In an old tavern I saw an old decrepit man who could hardly move around to get me a beer behind the bar, I thought "I'd rather die in a glacial cave than in an eternity afternoon room of dust like this." A Min V Bill couple left me off at a grocery store in Sauk and there I got my final ride from a mad drunk fastswerving dark lorig-sideburned guitar-playing Skagit Valley wrangler who came to a dusty flying stop at the Marblemount Ranger Station and had me home.
The assistant ranger was standing there watching. "Are you Smith?"
"Yeah."
"That a friend of yours?"
"No, just a ride he gave me."
"Who does he think he is speeding on government property."
I gulped, I wasn't a free bhikku any more. Not until I'd get to my hideaway mountain that next week. I had to spend a whole week at Fire School with whole bunches of young kids, all of us in tin hats which we wore either straight on our heads or as I did at a rakish tilt, and we dug fire lines in the wet woods or felled trees or put out experimental small fires and I met the oldtimer ranger and onetime logger Burnie Byers, the "lumberjack" that Japhy was always imitating with his big deep funny voice.

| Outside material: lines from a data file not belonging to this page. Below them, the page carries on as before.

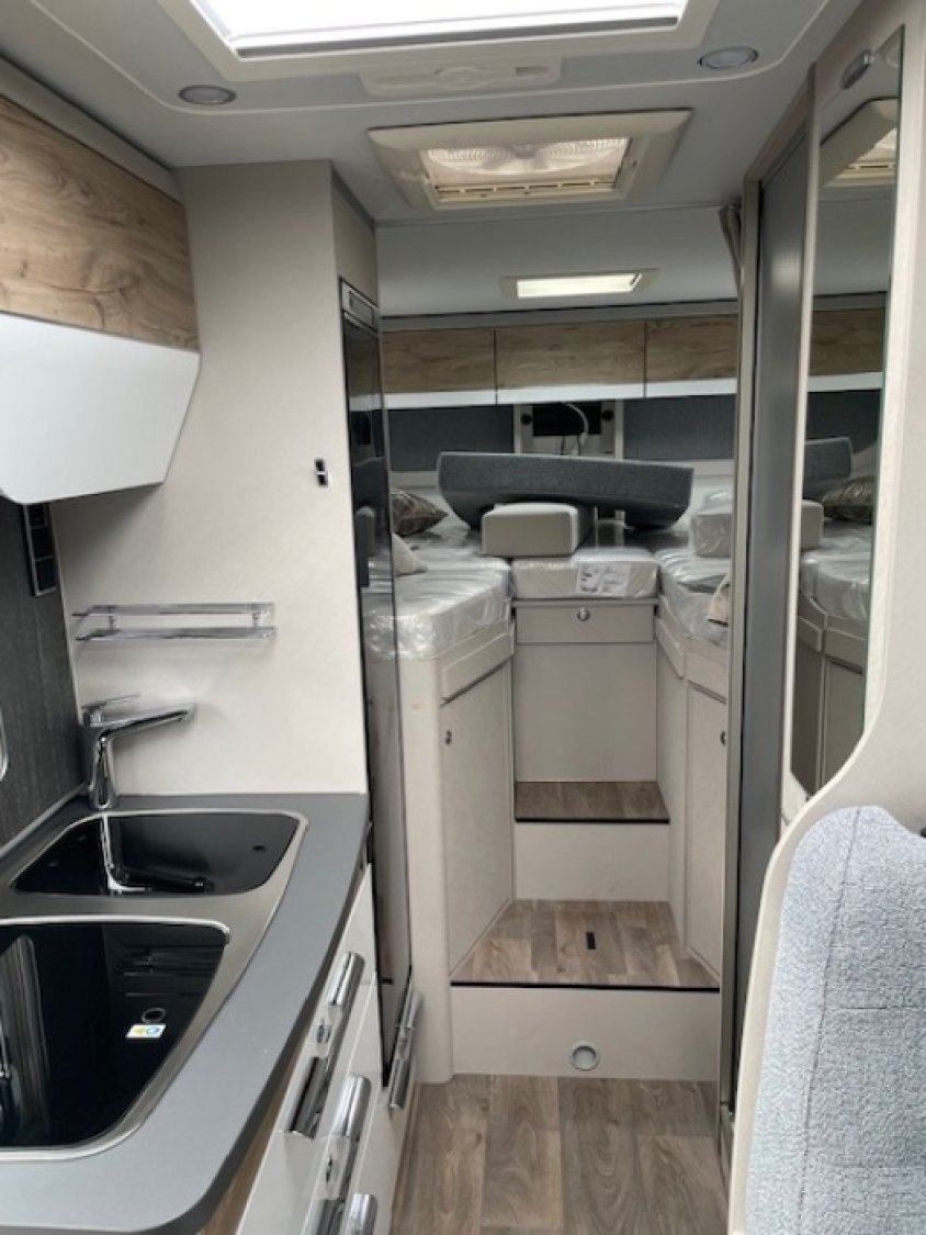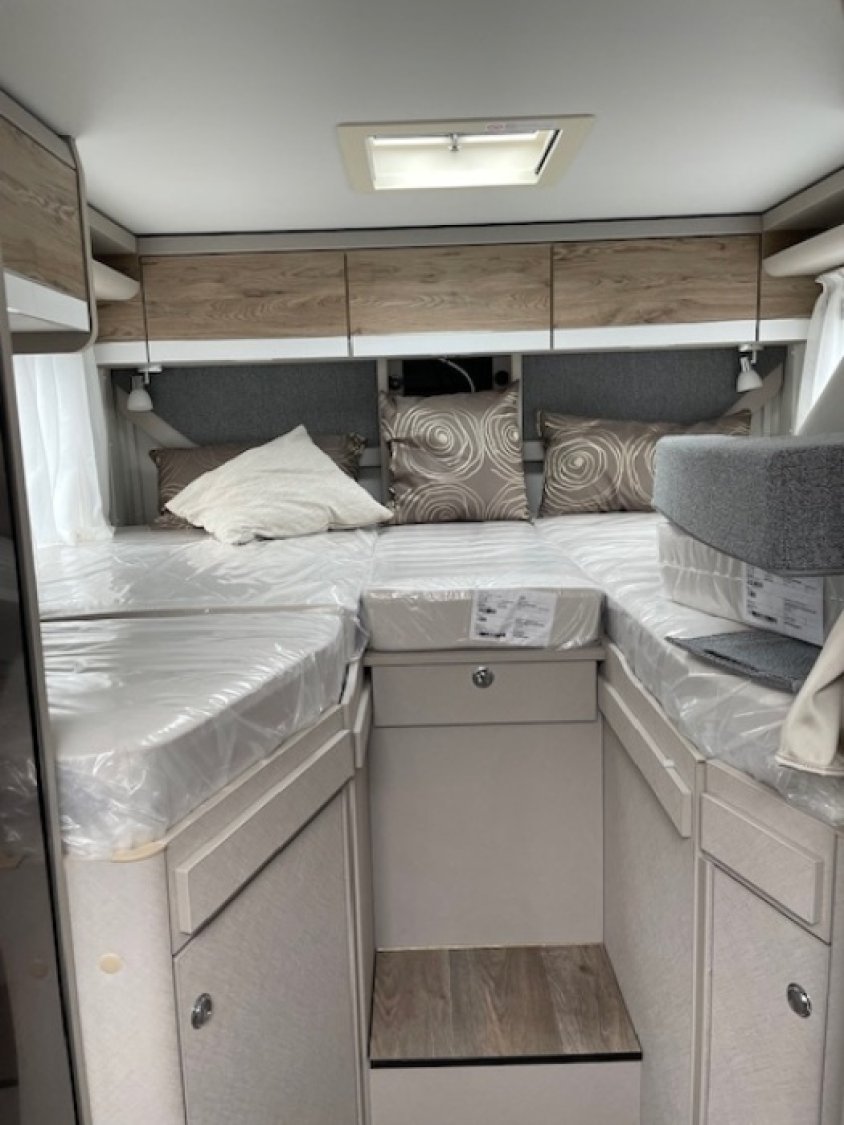 PACK CONFORT CELLULE : DRAPS HOUSSE POUR LITS AR, PRISES SUP 5X230/3X12V/2XDOUBLE USB, COUSSINS AVEC HOUSSES, ECLAIRAGE AMBIANCE, CAILLEBOTIS DE DOUCHE
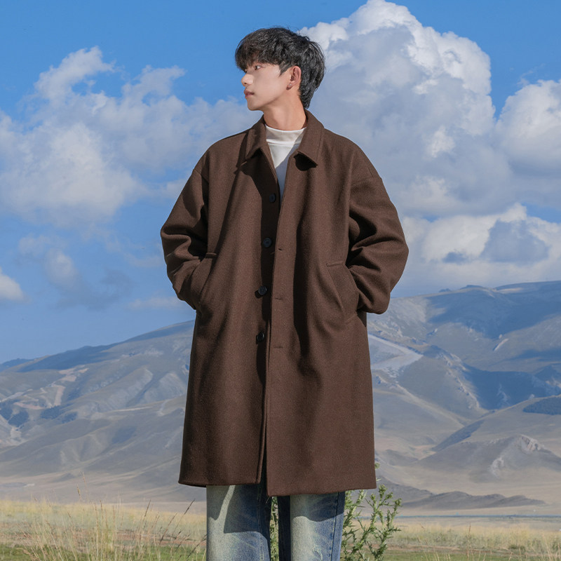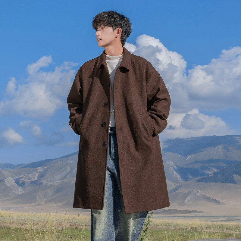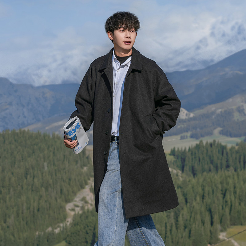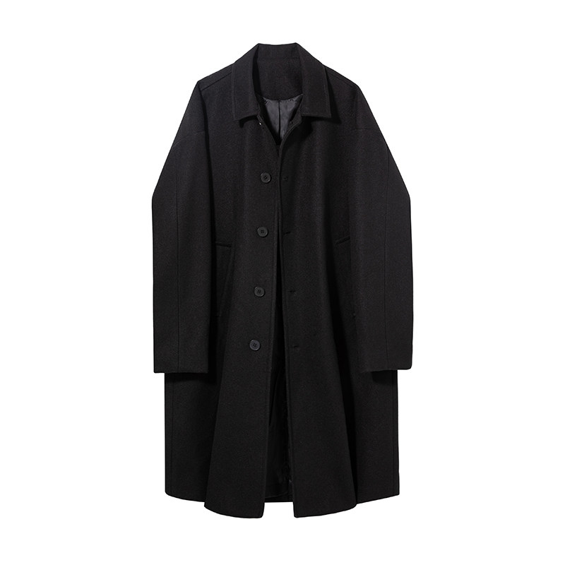 【直播专属】海上公路鲨鱼纹戗驳领毛呢大衣男士高级感长款外套
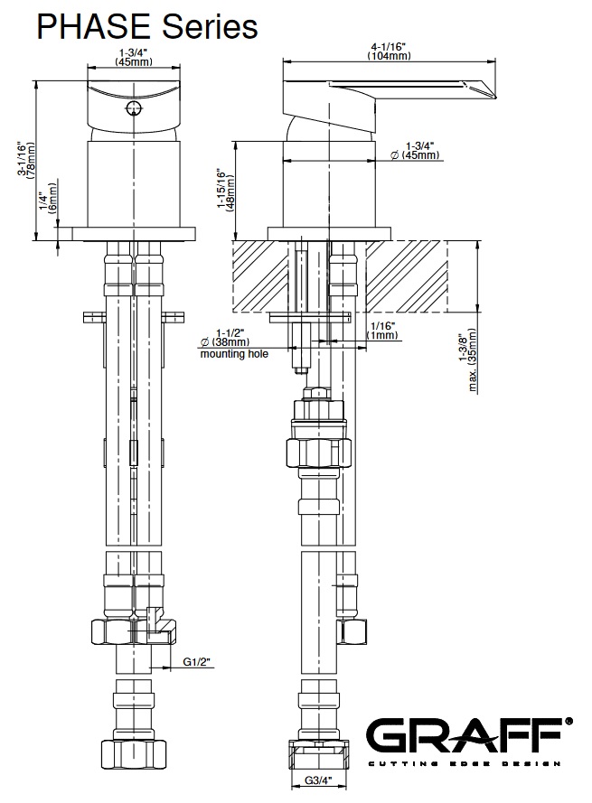Graff Phase Bateria wannowa nablatowa jednouchwytowa Chrom LM45W-BS
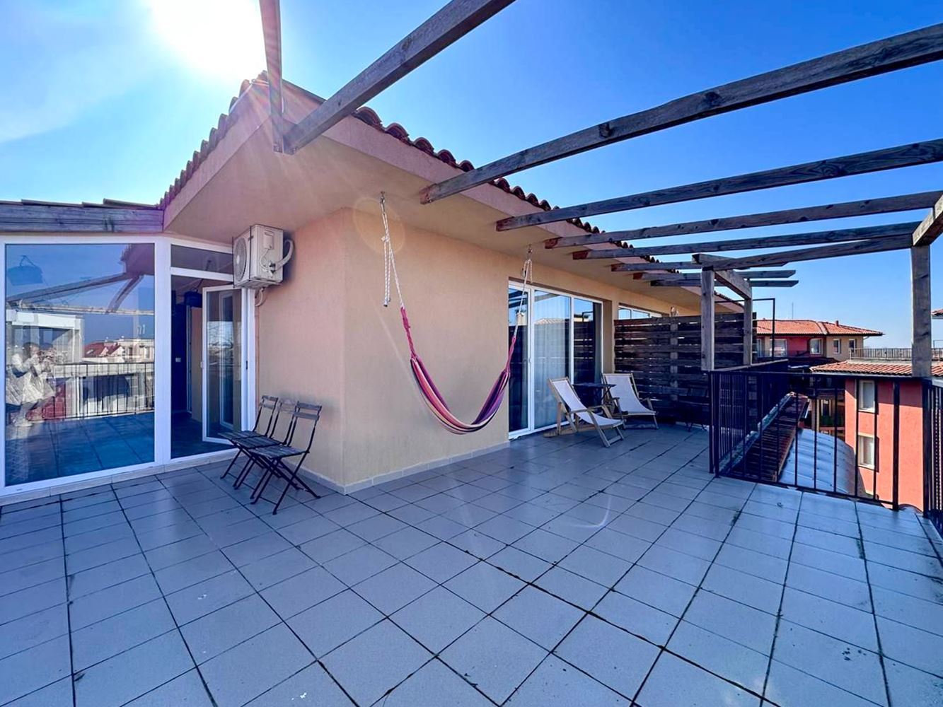 We offer an exceptionally attractive three-room apartment in a prestigious residential complex, located only 400 meters from the Sunny Beach shoreline. The property has an area of 112 m² and is situated on the fifth, top floor, which guarantees quiet, peace, and more personal space. This is an excellent opportunity for a family home, a holiday residence, or an investment with high rental potential. The apartment is offered furnished and equipped with all necessary appliances, which means you can move in immediately and start enjoying the benefits of your new home. The property is spacious and bright, with well-distributed rooms that provide comfort and functionality for everyday living.
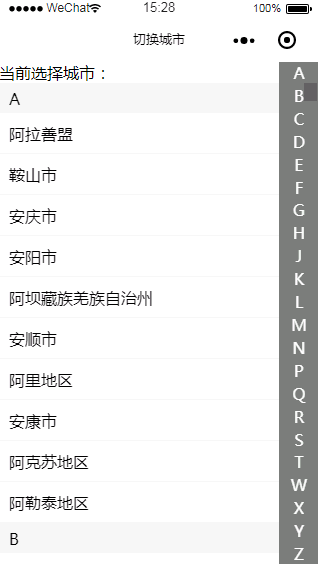 小程序模板简介: 该小程序模板是一款根据城市首字母进行城市分类切换的小程序,你可以使用该程序快速进行程序的查询与对应的城市切换,可嵌套进各种程序下拉框等等!小程序模板截图:
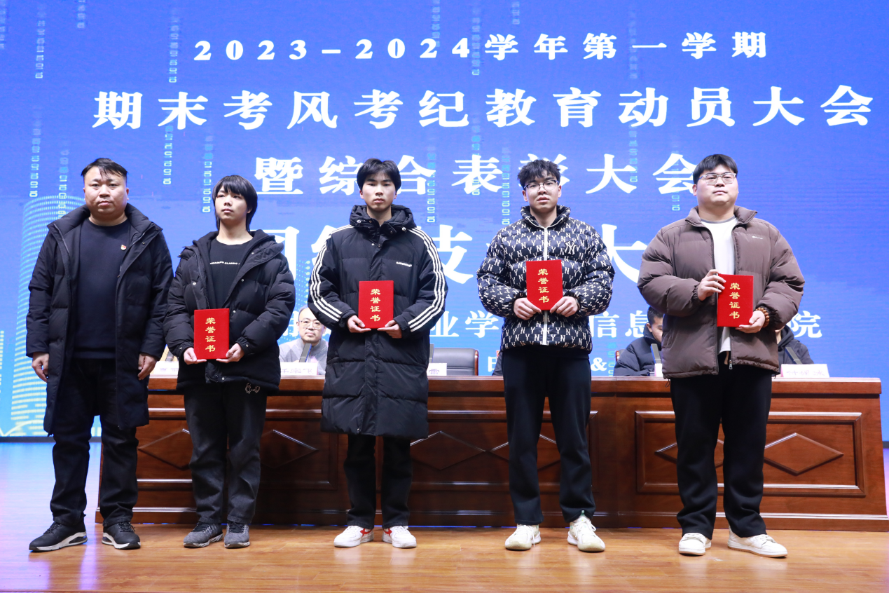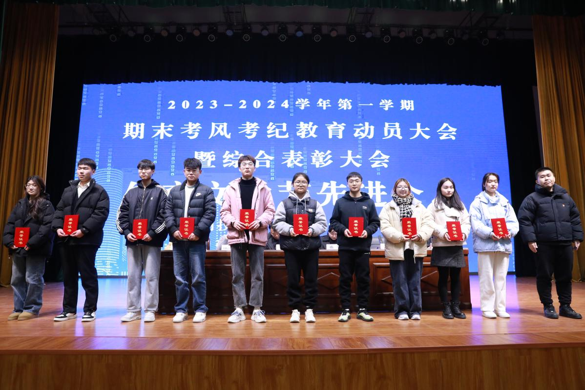 新年伊始,今年会jinnianhui官网召开2023-2024学年第一学期期末考风考纪教育动员大会暨综合表彰大会,会议共分为两部分,一是表彰一年以来在各比赛活动中的获奖学生,二是开展期末考风考纪教育动员大会,今年会jinnianhui官网领导班子、教职工及学生代表参加。
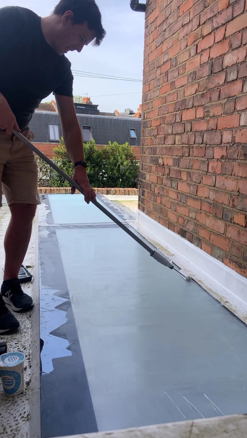 Ancak Greenhill, kaplamanın pencerenin dışına uygulanmasının soğutma açısından daha etkili olduğunu da belirtti. Çünkü bu yöntem, güneş ışınlarının binanın ısısını arttırmasını engelliyor. Kendi evinde yaptığı denemelerde, yoğurdu fırça ile uygulamanın başarılı olmadığını ancak bir rulo ile uygulamanın, seramik fritin dokusunu anımsatan ince bir kaplama sağladığını fark etti. Greenhill, süt ve yulaf gibi farklı türde yoğurtları denedi ve hepsinin benzer şekilde çalıştığını, pencere başına yalnızca yaklaşık bir yemek kaşığı yoğurt gerektiğini ve düşük yağlı yoğurtların daha yarı saydam bir etki verdiğini keşfetti.
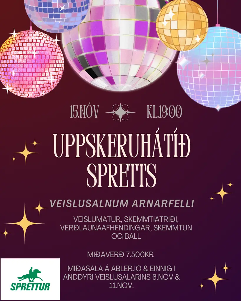 Uppskeruhátíð Spretts verður haldin með pompi og prakt laugardaginn 15.nóvember nk. í veislusalnum Arnarfelli í Samskipahöllinni. Miðaverði er stillt í
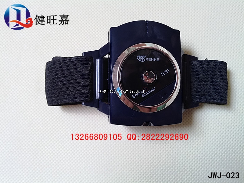 腕式电子止鼾器是一项采用生物回馈的自我训练模式。来降低或减少打鼾行为的一种物理康复仪器。它的过程是透过止鼾器上的微型生物声频侦测器,在侦测超过70+5dB的鼾声10=1秒以上,控制IC即启动脉冲输出机制,以温和的可调的电子针灸方式,透过皮肤送达运动神经,再不吵醒使用者的前提下,促使使用者因反射作用产生变换睡姿,达到抑制和减少打鼾的功效。本品还有省电功能设计,当超过30秒以上侦测不到鼾声时,则自动关机。而累积使用8小时以上即自动关机。只要持之以恒地使用本品,就能达到满意的效果。
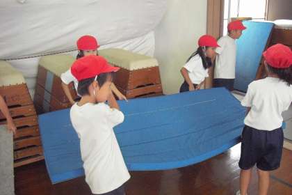 マットやとびばこを安全に持つ持ち方も学習しました。
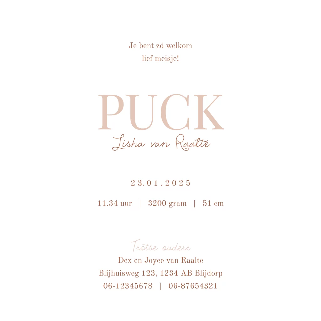 Basic geboortekaartje voor een meisje met de kleur oudroze en een leren label op de voorzijde. Liever een andere kleur dan oud roze op de kaart? Deze kaart is gemakkelijk aan te passen in onze editor.
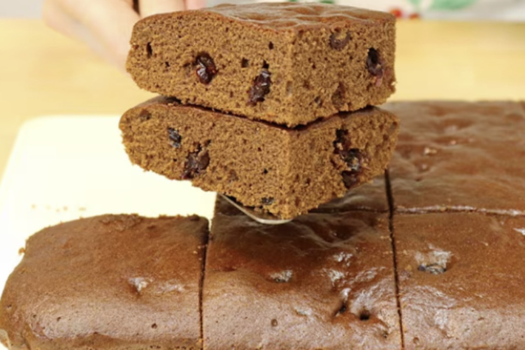 Gatavo mīklu ielejiet ieziestā pannā un cepiet iepriekš uzkarsētā cepeškrāsnī apmēram 40–50 minūtes. Pārliecinieties, ka kūka ir uzrūgusi un zeltaini brūna. Pēc cepšanas ļaujiet atdzist un sagrieziet porcijās. Ja vēlaties, varat pārkaisīt ar pūdercukuru vai pārliet ar izkausētu šokolādi.

Burnie and I sat in his truck in the woods and discussed Japhy. "It's a damn shame Japhy ain't come back this year. He was the best lookout we ever had and by God he was the best trailworker /I/ ever seen. Just eager and anxious to go climbin around and so durn cheerful, I ain't never seen a better kid. And he wasn't afraid of nobody, he'd just come right out with it. That's what I like, cause when the time comes when a man can't say whatever he pleases I guess that'll be when I'm gonna go up in the backcountry and finish my life out in a lean-to. One thing about Japhy, though, wherever he'll be all the resta his life, I don't care how old he gets, he'll always have a good time." Burnie was about sixty-five and really spoke very paternally about Japhy. Some of the other kids also remembered Japhy and wondered why he wasn't back. That night, because it was Burnie's fortieth anniversary in the Forest Service, the other rangers voted him a gift, which was a brand new big leather belt. Old Burnie was always having trouble with belts and was wearing a kind of cord at the time. So he put on his new belt and said something funny about how he'd better not eat too much and everybody applauded and cheered. I figured Burnie and Japhy were probably the two best men that had ever worked in this country.